Что там сказал сын, вода мне осталась? Ну, так я мигом! Сделаю все по высшему разряду, чтобы блестело все, как в музее фарфора в Венеции, его, говорят, можно внимательно рассмотреть со старинного моста. После реставрации русских архитекторов.
Сезон сирени
Десять часов утра. Завтрак.
Прозрачно-гороховая жижа, напоминающая по цвету желудочный сок, чай сладкий-пресладкий и хлеб, сколько душе угодно. Между столами шепот: на обед будут фрукты.
За стеклом, сразу за оконной рамой, новый вполне пригожий день. И другая жизнь, непохожая на эту. Мартовский ветер сделал из ивы качели и размахивает ими со всей силы. Здорово. Часть веток периодически хлещет по окну, мол, просыпайтесь, смотрите, ветер, солнце, ветки, скоро на куче больничного мусора появится трава. Кто бы мог придумать, что эта, в общем-то, небольшая свалка, состоящая из каркасов капельниц, компьютерных коробок, жгута и прочей дребедени может цвести и даже благоухать. Да-да, благоухать. В углу свалки дикая яблонька и белая сирень. То-то будет в мае.

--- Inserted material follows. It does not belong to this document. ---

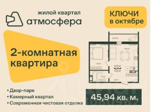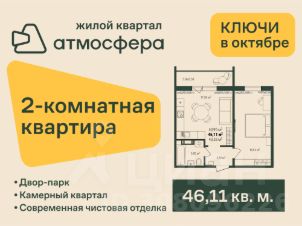 Двухкомнатная квартира в первом доме ЖК ''Атмосфера''. Общая площадь 46,00 кв.м. Увеличенная площадь пространства для отдыха (спальная комната 16,5 кв.м.). Отличный вариант для двух отдельных кроватей или спальни и полноценного рабочего места. Вместительная ниша для встроенного гардеробного шкафа. Совмещенный просторный санузел. Лоджия 5,2 кв.м. Всего 2 квартиры в кармане. Сдается с чистовой отделкой: металлическая входная дверь, линолеум, натяжные потолки, виниловые обои, межкомнатные двери. Пол в санузле и ванной выложен кафелем. Жилой квартал ''Атмосфера''. 3 дома переменной этажности. Перспективное быстро развивающееся направление Челябинска. Недалеко от вдхр. Шершни. Закрытая территория двора-парка. Вся инфраструктура рядом: садик через дорогу, детские школы в 1 остановке, магазины у дома. Экотропа, лес и свежий воздух.

В столовой тихо, ложки стучат, кто-то кашляет, дед в углу недовольно кряхтит. Обычная история. Павловна из десятой палаты в минувшую ночь Богу душу отдала. Ибрагимовна с бабкой Пелагеей первыми в больнице узнали эту новость и, как водится, сообщили ее всем. Тремя минутами раньше, они, чавкая, живописали:
— Ночью плохо ей стало, губами еле шовелит, мы к хврачу, а он, ну вас, старухи, она ить при вечернем обходе хорошая была, помирать не собиралась. Ушли мы. Заходим в палату, а Павловна, сурьезно так покрылась потом и говорит нам, до свиданья, что ли, соседушки. Мы бегом снова к хврачу, он и говорит: досмотрю фильму и сразу бегом к вам, мы ушли, значит, сидим на койках, не раздеваимся, ждем, а Павловна совсем плохая, прощения у всех просит. И сдалось оно ей, это прощение, у нее ить никого нет, одна, как… Приходит врач, сурдитый такой, из-за вас, говорит, опять не высплюсь, панькерши вы старые…

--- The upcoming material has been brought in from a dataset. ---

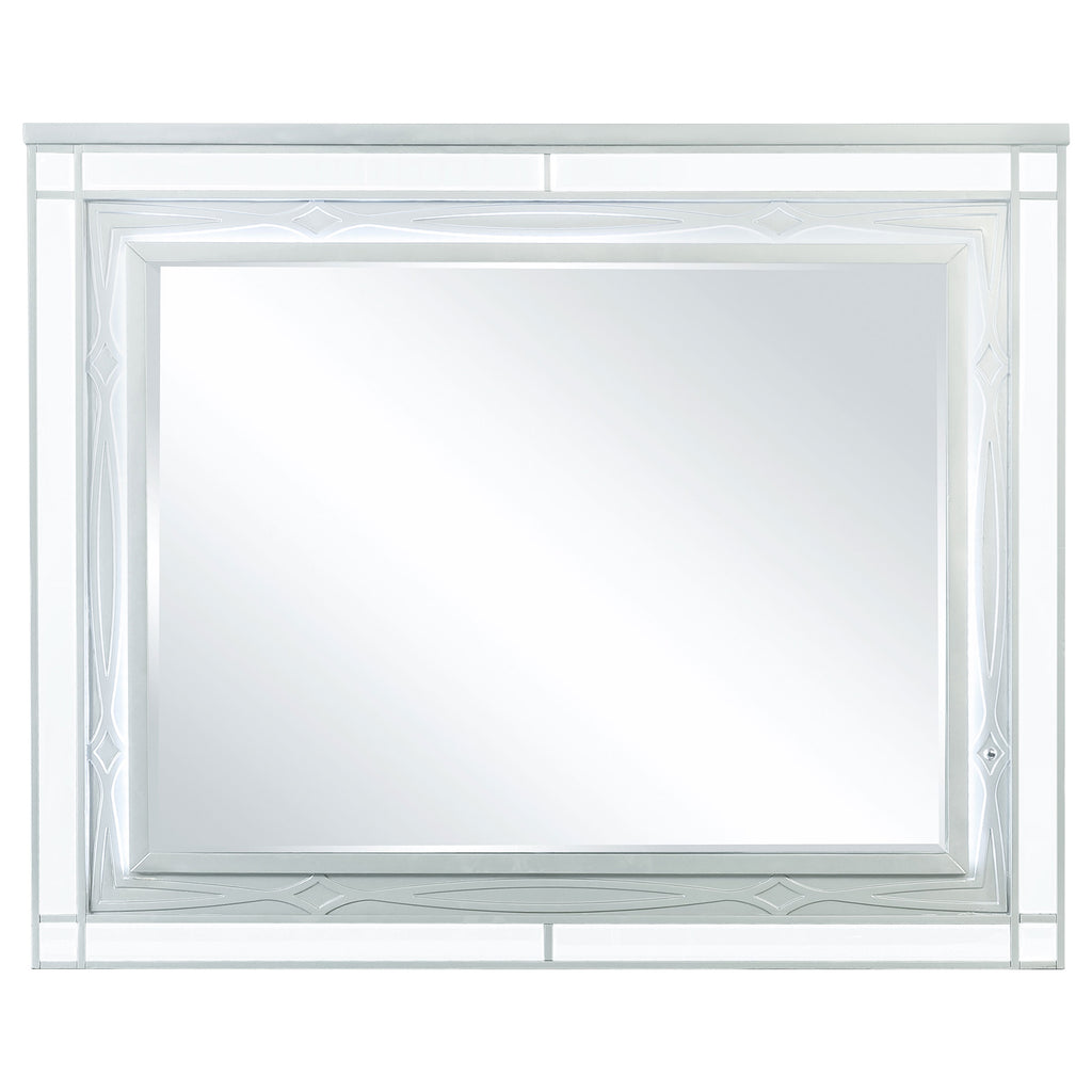 Transform a bedroom into a stylish sanctuary. This stunning, five-piece bedroom set is a truly exquisite choice with its elegant fretwork and dramatic decorative accents. The metallic leatherette headboard flaunts crystal button tufting for a touch of bling. The headboard and mirror are traced with blue LED light for soft ambiance. The nightstand, chest, and dresser feature decorative drawer fronts and provide plenty of storage space for a neat and organized personal space.

— Паникерши, — поправил кто-то.
— Да, ить энто и сказал, стал смотреть Павловну, позвал сестру, санитара. Погрузили на каталку, а когда грузили, у ее это… матка выпала. Ну и увезли ее, посмотрели, видать, поникшая совсем и в морг. В больничном морге, если сразу положить, то не чернеет. Хоронят потом, а человек как живой. Кровь застыла и так осталась красной на щеках, рази это плохо?
— Тише, тише, главный идет. Разжужжались, совсем как шмели опосля спячки, — сказал дед в углу.

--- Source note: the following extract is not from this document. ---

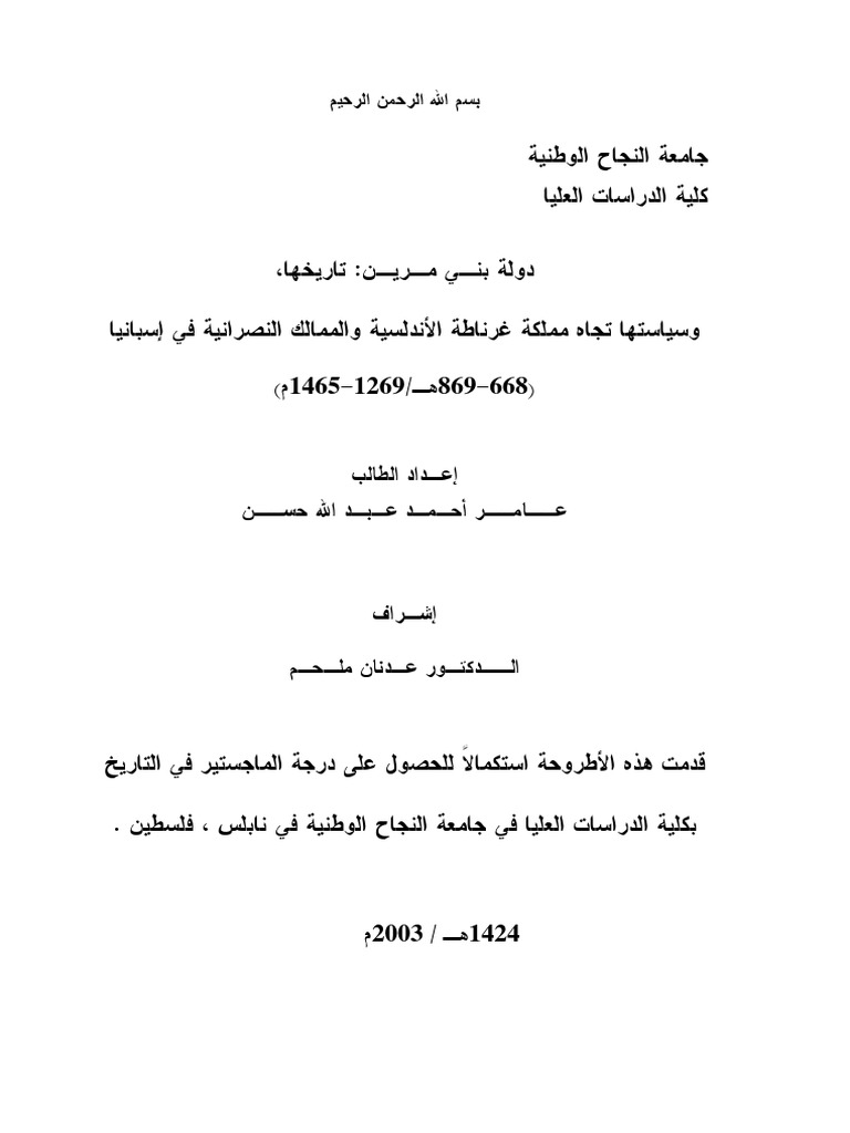 Bani Marin State History And Its Policy Toward Andalusian Granada Kingdom And Christian Kingdoms In Spain 668 869 H 1269 1465 Ad

— Сколько годков было ей? — справляется одноногая бабушка Фекла.
— Ить, дай посчитаю, — снова Ибрагимовна, — одного года мы с ней, только я апрельская, а она июльская. Мне нонче будет семьдесят, стало быть, ей шестьдесят девять…
— Хорошо умерла, долго не мучилась, она ить только в декабре легла. Это ерунда, не переживала ничего, опять же деток нет, волноваться некому, в покаянке ее и приоденут. Покаянкой здесь называют комнату при морге, где за казенный счет наряжают в последний путь безродных. Всякое про покаянку говорят, будто кладут в гроб в том, в чем смерть застала, а тапочки снимают и уносят в приемное отделение. Наслушаешься!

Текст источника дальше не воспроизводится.